= Taihoro =

America's Cup yacht

Taihoro is an AC75 foiling monohull racing yacht that successfully defended the America’s Cup for the Royal New Zealand Yacht Squadron (RNZYS) from 12-19 October 2024 in the 37th America’s Cup match in Barcelona, Spain. It defeated Britannia III representing the UK’s Royal Yacht Squadron 7-2.

Taihoro is owned and sailed on behalf of the RNZYS by the Emirates Team New Zealand sailing syndicate, led by Grant Dalton. It was named and blessed by Ngati Whatua Orakei and launched by former New Zealand Prime Minister Helen Clark in Auckland, New Zealand, on 18 April 2024. Taihoro is a verb in the Maori language meaning “to move swiftly as the sea between both sky and earth” in English.

Ahead of defending the America’s Cup, Taihoro won both the Louis Vuitton America’s Cup preliminary regatta, held in Barcelona through 22-25 August 2024, and the double round robin of the Louis Vuitton Cup challenger series held in Barcelona from 29 August to 8 September 2024. This was the first time a defender yacht was allowed to participate in part of an America’s Cup challenger series, although points from the races involving the defender were not counted in terms of which four challengers would progress to the semifinals of the Louis Vuitton Cup.
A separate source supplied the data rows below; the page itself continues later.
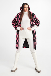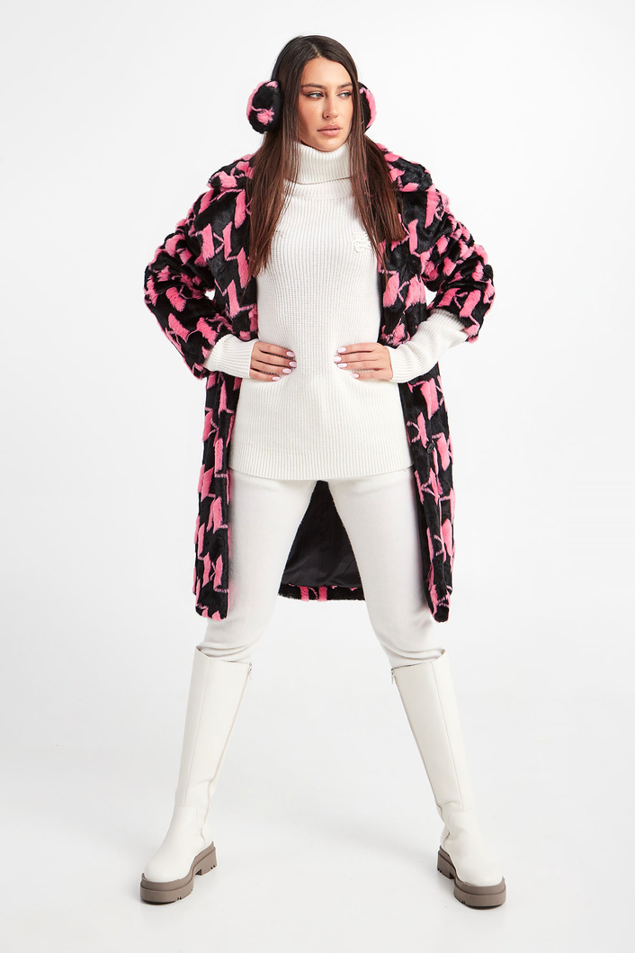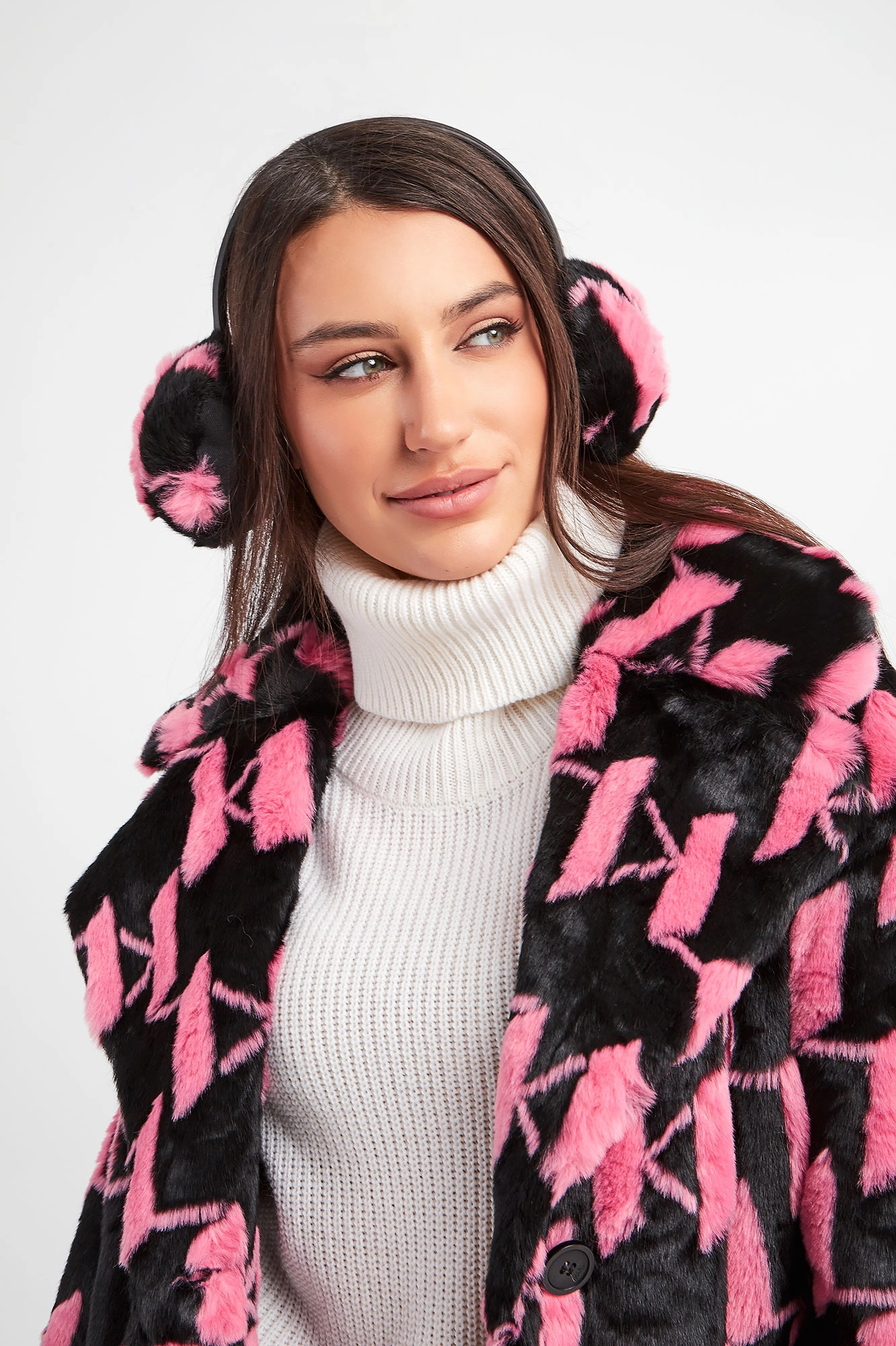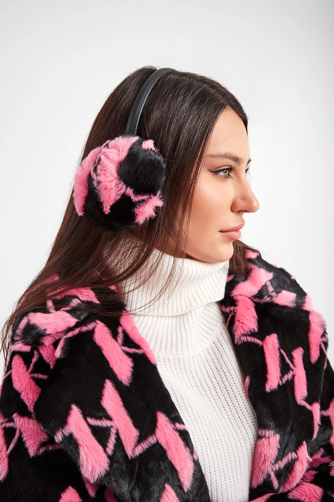 Nauszniki marki Karl Lagerfeld w czarnym kolorze. Nausznice pokryte sztucznym futerkiem z monogramem marki w różowym kolorze.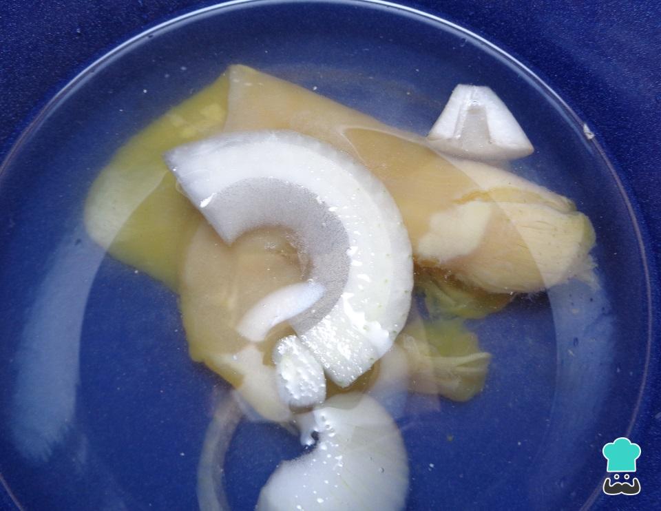 Vamos a comenzar poniendo a cocinar la pechuga de pollo en una cacerola con suficiente agua hirviendo, añadiendo un trozo de cebolla y una pizca de sal, y dejamos que se cueza a fuego alto.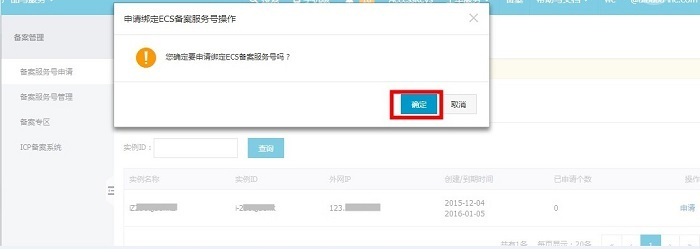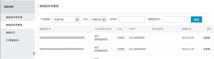 确定后可在备案服务号管理中查询申请的服务号信息。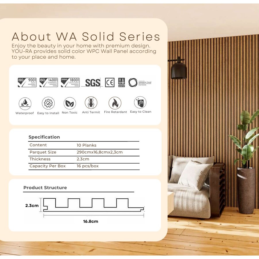 WallPanel Warna Solid WPC 2.9 Meter Pink Biru Merah YOURA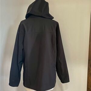Free country soft shell jacket with faux fur lining. Hood is removable. Multiple front pockets. Zipper closure on all. Adjustable arm cuffs. Water resistant. Excellent condition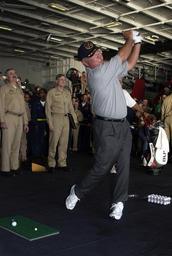 | Keywords: US Navy 040303-N-5319A-007 Sailors watch professional golfer Mark O'Mara hit a few golf balls during a demonstration in the hanger bay of the nuclear powered aircraft carrier USS George Washington (CVN 73).jpg en Arabian Gulf Mar 3 2004 Sailors watch professional golfer Mark O'Mara hit a few golf balls during a demonstration in the hanger bay of the nuclear powered aircraft carrier USS George Washington CVN 73 Tiger Woods accompanied by his fiancé Elin Nordegren PGA player Mark O Meara and caddies Steve Williams and Greg Rita visited the Norfolk Va Based carrier in the Arabian Gulf before participating in the European PGA Tour s Dubai Desert Classic on Thursday The George Washington Carrier Strike Group CSG and Carrier Air Wing Seven CVW-7 are deployed to the Arabian Gulf in support of Operations Iraqi and Enduring Freedom U S Navy photo by Photographer's Mate 1st Class Brien Aho RELEASED 2004-03-03 040303-N-5319A-007 Navy http //www navy mil/view_image asp id 12365 U S Navy photo by Photographer's Mate 1st Class Brien Aho PD-USGov-Military-Navy Aboard USS George Washington CVN-73 Mark O'Meara |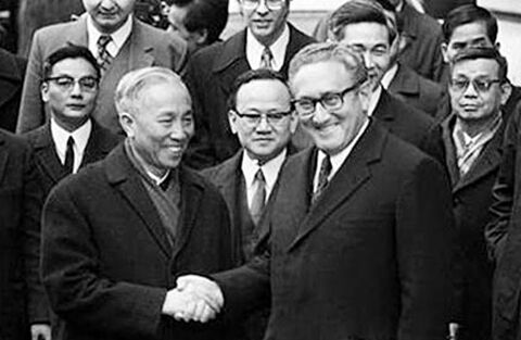 Cố vấn Lê Đức Thọ và cố vấn đặc biệt của Tổng thống Mỹ, tiến sĩ Henry Kissinger chúc mừng nhau sau lễ ký tắt. Ảnh tư liệu.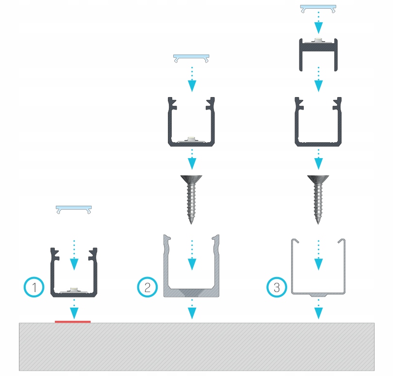 Багато людей, які вже встановили світлодіодну смужку, знають, наскільки важко приклеїти навіть дуже гарну світлодіодну смугу на поверхню, таку як дерево або штукатурка. Алюмінієвий профіль також тут стає в нагоді, оскільки він є ідеальною основою для світлодіодної смуги. The profile only needs to be degreased and you can easily glue the LED tape to it.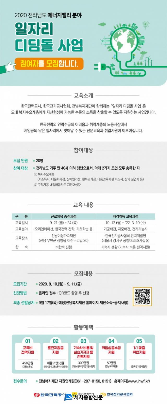 Àü³²º¹ÁöÀç´ÜÀº Çѱ¹Àü·Â°ø»ç, Çѱ¹Àü±â°ø»çÇùȸ¿Í ÃÖ±Ù ¾÷¹«Çù¾àÀ» ¸Î°í Ãë¾à°èÃþÀ» ´ë»óÀ¸·Î ¹èÀü ±â´ÉÀη ¾ç¼º ±³À°°úÁ¤ÀÎ ¡®ÀÏÀÚ¸® µðµõµ¹ »ç¾÷¡¯ ½ÅûÀ» ´ÙÀ½´Þ 11ÀϱîÁö ¹Þ´Â´Ù°í ¹àÇû´Ù.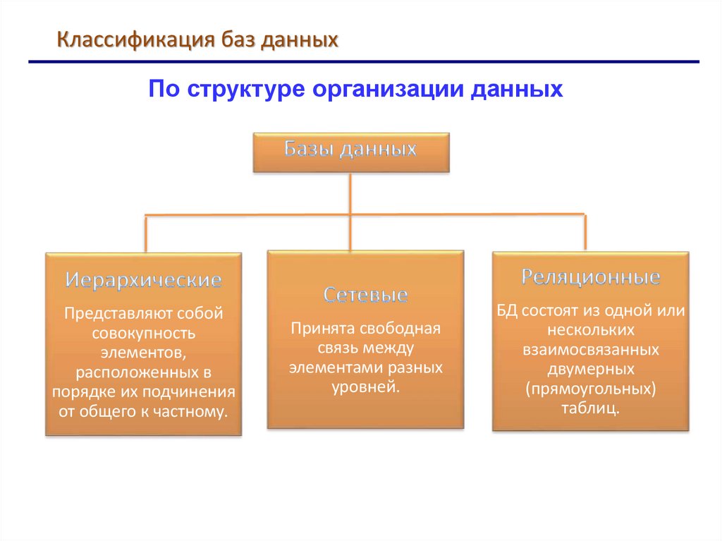 Классификация баз данныхПо структуре организации данных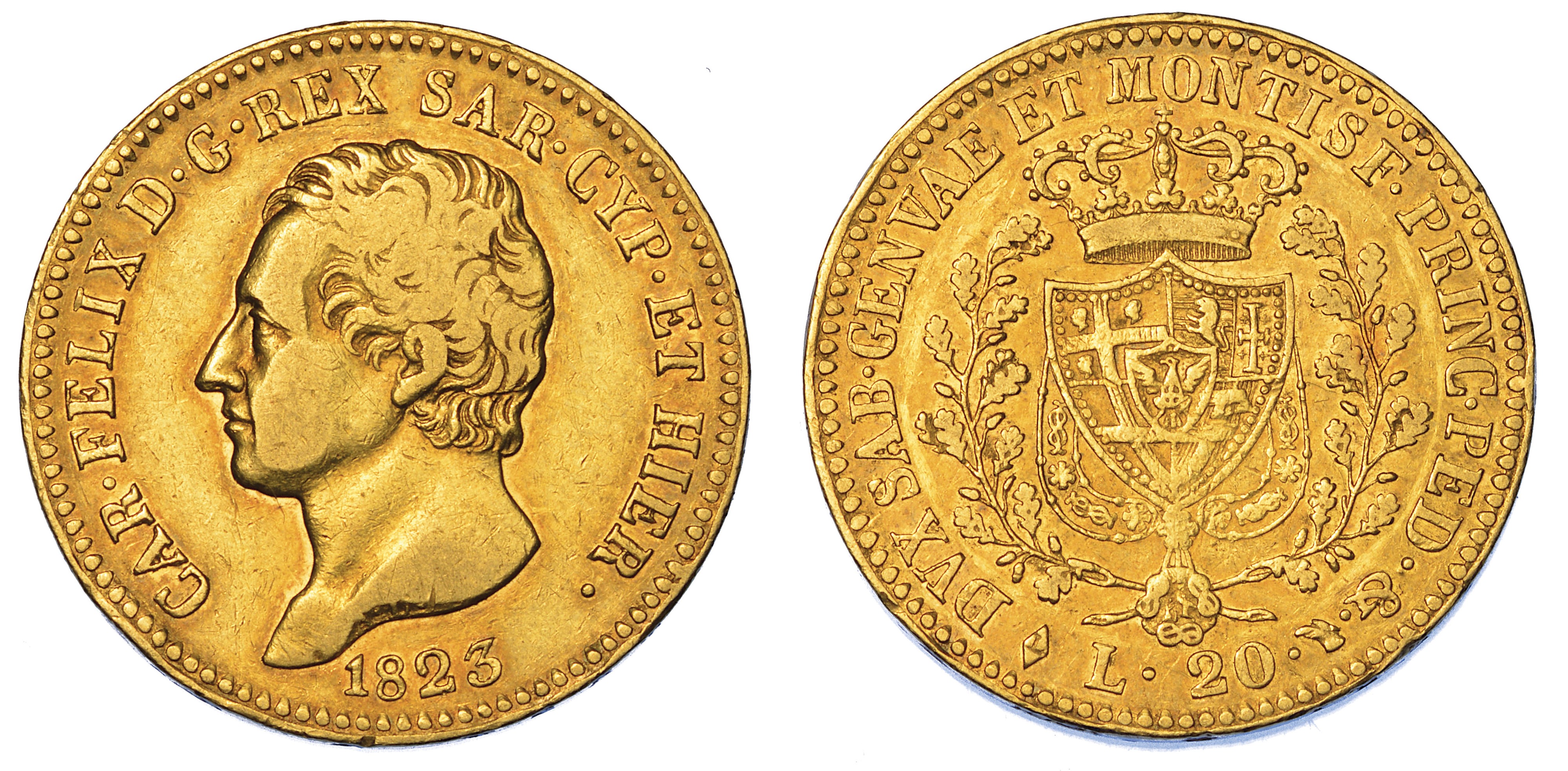 REGNO DI SARDEGNA. CARLO FELICE DI SAVOIA, 1821-1831. 20 Lire 1823. Torino.

After the first day’s racing in the Louis Vuitton Cup in August 2024, in which Taihoro beat Luna Rossa Prada Pirelli, the crane lifting it out of the water malfunctioned, dropping it approximately 7m, damaging its hull. While Taihoro could not be sailed in the day-two races, Emirates Team New Zealand’s shore team worked around the clock so that it was able to race again on day three.